Because Samsung doesn't run an app store on iOS.
And Apple doesn't run an app store on Android. Does that mean Android is also a monopoly? Heck, Sony doesn't run an app store on the Nintendo Switch. Does that mean Nintendo is a monopoly? We could play a similar game with streaming services. Yes, you can give money to people in different ways and get software that works on different systems. That's how it has always been. Nobody is being deceived or coerced. Well until now, since the EU is coercing everyone to use USB-C.
Apple should be coerced into adopting USB-C on iPhone. Their refusal to do so has been an explicit, repeated failure on Apple's behalf. The iPhone is one of the only remaining Apple products that does not use USB-C, and it's exclusion is entirely unnecessary since USB-C's base-spec was designed by Apple and well-exceeds the capabilities of Lightning.

At the end of the day, it's a serial port. People should stop acting like Apple is being asked to re-engineer the Death Star, and recognize that this is a change so rudimentary that people on YouTube do it for a fun weekend project. It's the textbook definition of a failure, and the EU has every right to hold Apple accountable for the insane things they call 'innovation' in the US.

Apple could, though.
Apple make billions every quarter and at this point no one can realistically unseat them.

They collect pretty much all the profit in the phone market.

They don’t technically have a monopoly, but they are in an incredibly strong position which is close to being guaranteed for the short and medium term.

"fine, they don't have a monopoly - which I stated as fact - but they are too successful for my liking and I get a high off of forcing compliance"
To be clear, I'm a massive fan of Apple.

Was just trying to explain that although they don't technically have a monopoly in the phone market, they do hold a huge amount of power.

In a basic sense, monopolies were outlawed to try to keep markets fair, but Apple are in such a strong position now that they have pretty much the same level of influence that a company with an actual monopoly would have.

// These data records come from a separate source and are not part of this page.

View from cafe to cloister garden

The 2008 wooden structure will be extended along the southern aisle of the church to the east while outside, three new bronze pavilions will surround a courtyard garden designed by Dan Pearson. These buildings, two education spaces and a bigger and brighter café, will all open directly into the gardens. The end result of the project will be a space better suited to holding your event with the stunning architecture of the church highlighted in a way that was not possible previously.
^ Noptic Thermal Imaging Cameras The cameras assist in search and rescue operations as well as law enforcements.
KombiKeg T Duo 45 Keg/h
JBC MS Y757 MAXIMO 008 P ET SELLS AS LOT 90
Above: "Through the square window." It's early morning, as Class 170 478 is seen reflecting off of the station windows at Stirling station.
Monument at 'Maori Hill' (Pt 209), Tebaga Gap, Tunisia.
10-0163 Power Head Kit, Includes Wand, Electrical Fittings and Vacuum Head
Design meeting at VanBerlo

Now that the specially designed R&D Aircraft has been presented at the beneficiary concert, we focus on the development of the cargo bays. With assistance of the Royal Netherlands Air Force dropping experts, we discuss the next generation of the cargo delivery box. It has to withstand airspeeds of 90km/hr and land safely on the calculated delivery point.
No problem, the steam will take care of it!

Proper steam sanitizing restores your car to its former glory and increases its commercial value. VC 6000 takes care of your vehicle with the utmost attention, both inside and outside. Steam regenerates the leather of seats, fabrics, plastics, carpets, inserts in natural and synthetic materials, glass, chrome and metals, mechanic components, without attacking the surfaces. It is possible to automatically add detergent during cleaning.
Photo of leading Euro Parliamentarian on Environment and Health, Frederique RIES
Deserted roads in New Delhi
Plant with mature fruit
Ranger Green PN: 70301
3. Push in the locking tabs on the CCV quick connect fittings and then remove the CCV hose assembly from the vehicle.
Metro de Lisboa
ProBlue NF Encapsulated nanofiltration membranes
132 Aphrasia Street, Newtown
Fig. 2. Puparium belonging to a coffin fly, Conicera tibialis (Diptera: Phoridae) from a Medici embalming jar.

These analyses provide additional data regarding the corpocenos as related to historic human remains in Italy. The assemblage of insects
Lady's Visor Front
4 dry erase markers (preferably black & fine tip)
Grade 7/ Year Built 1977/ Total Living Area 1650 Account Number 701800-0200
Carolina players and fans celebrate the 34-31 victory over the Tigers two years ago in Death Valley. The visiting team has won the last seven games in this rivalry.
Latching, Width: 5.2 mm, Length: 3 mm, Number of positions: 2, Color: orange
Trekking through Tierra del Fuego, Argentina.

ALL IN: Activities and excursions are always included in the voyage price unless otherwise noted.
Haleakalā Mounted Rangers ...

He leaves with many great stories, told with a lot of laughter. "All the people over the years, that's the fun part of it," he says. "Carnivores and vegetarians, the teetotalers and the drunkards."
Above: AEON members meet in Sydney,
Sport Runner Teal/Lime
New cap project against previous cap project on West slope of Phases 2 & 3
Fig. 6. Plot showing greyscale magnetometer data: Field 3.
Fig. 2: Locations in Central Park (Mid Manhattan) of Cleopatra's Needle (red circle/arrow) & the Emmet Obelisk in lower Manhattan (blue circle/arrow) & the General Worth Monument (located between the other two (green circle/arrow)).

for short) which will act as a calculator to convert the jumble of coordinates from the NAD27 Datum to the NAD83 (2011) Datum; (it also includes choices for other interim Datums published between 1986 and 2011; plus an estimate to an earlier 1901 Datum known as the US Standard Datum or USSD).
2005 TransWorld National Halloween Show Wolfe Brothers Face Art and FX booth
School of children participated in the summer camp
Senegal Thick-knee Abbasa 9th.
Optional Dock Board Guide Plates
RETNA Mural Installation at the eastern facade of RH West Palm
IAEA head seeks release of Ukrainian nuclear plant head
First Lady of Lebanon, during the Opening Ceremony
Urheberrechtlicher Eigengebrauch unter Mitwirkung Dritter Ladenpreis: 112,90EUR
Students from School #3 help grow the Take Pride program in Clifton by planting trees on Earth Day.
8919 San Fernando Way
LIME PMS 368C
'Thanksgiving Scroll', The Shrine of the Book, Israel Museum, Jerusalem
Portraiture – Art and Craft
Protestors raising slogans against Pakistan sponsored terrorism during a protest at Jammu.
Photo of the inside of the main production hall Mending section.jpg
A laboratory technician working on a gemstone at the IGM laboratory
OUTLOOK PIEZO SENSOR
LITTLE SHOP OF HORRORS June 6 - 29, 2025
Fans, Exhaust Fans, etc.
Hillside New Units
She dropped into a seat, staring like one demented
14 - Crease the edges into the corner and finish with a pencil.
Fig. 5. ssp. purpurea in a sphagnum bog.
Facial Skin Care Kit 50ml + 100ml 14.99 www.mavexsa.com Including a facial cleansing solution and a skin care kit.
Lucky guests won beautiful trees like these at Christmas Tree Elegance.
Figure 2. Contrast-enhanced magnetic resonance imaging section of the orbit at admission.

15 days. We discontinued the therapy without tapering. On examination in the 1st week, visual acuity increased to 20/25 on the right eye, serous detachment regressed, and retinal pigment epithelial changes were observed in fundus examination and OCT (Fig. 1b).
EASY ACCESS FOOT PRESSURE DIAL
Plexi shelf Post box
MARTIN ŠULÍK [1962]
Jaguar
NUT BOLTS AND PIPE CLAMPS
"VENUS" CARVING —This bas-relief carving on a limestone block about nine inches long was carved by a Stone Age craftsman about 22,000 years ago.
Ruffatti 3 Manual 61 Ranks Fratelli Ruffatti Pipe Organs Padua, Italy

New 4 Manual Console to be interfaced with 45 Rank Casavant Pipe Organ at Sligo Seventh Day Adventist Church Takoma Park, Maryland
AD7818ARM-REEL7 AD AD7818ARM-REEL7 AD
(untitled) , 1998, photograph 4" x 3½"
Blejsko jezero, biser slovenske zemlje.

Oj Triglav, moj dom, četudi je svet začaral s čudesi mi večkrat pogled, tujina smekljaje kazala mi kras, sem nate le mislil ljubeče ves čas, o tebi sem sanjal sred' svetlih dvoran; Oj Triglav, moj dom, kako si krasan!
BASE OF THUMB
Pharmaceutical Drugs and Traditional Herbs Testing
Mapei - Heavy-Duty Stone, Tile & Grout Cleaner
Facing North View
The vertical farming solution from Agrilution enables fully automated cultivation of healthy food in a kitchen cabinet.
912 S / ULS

Being highly profitable isn't illegal, monopolies are.
Sure. But what was the whole reason for making monopolies illegal?
https://en.wikipedia.org/wiki/Sherman_Antitrust_Act - You can read about it here and branch out to other resources and articles.

It's not about profit, directly at least. A company making twice the profit while selling half the product of their competitor is not in any violation of anti-monopoly/trust/whatever laws.